Department of Medicine, Weill Cornell Medicine, New York, New York.
Texas Heart Institute, Houston, Texas.
Am J Cardiol. 2023 Apr 15;193:70-74. doi: 10.1016/j.amjcard.2023.01.050. Epub 2023 Mar 4.
β-blockers are commonly used in heart failure with preserved ejection fraction (HFpEF), even in the absence of a compelling indication and despite the potential to cause harm. Identifying reasons for β-blocker prescription in HFpEF could permit the development of strategies to reduce unnecessary use and potentially improve medication prescribing patterns in this vulnerable population. We administered an online survey regarding β-blocker prescribing behavior to physicians trained in internal medicine or geriatrics (noncardiology physicians) and to cardiologists at 2 large academic medical centers. The survey assessed the reasons for β-blocker initiation, agreement regarding initiation and/or continuation of β-blockers by another clinician, and deprescribing behavior. The response rate was 28.2% (n = 231). Among respondents, 68.2% reported initiating β-blockers in patients with HFpEF. The most common reason for initiating a β-blocker was for treatment of an atrial arrhythmia. Notably, 23.7% of physicians reported initiating a β-blocker without an evidence-based indication. When a β-blocker was considered not necessary, 40.1% of physicians reported they were rarely or never willing to deprescribe. The most common reason for not deprescribing a β-blocker when the physician felt that a β-blocker was unnecessary was the concern about interfering with another physicians' treatment plan (76.6%).
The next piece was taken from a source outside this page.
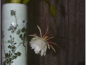 しばらく寝て、午前1時30分、目が覚めたので見たら、まだ花は開いていましたが下にだらんと垂れてしまっていました。

In conclusion, a significant proportion of noncardiology physicians and cardiologists report prescribing β-blockers to patients with HFpEF, even when evidence-based indications are absent, and rarely deprescribe β-blockers in these scenarios.
β受体阻滞剂常用于射血分数保留的心力衰竭(HFpEF)患者,即使没有明确的适应证,且可能存在潜在危害。明确 HFpEF 患者使用β受体阻滞剂的原因,有助于制定减少不必要使用的策略,并可能改善该脆弱人群的药物处方模式。我们向 2 家大型学术医疗中心接受过内科或老年病学(非心脏病学)培训的内科医生和心脏病专家进行了一项关于β受体阻滞剂处方行为的在线调查。该调查评估了β受体阻滞剂起始的原因、另一位临床医生对起始和/或继续使用β受体阻滞剂的意见,以及停药行为。应答率为 28.2%(n=231)。在应答者中,68.2%的人报告在 HFpEF 患者中起始了β受体阻滞剂。起始β受体阻滞剂最常见的原因是治疗房性心律失常。值得注意的是,23.7%的医生报告在没有基于证据的适应证的情况下起始了β受体阻滞剂。当认为β受体阻滞剂不必要时,40.1%的医生报告他们很少或从不愿意停药。当医生认为β受体阻滞剂不必要但仍未停药时,最常见的原因是担心干扰其他医生的治疗计划(76.6%)。总之,相当一部分非心脏病学医生和心脏病专家报告在 HFpEF 患者中使用β受体阻滞剂,即使缺乏基于证据的适应证,并且在这些情况下很少停药。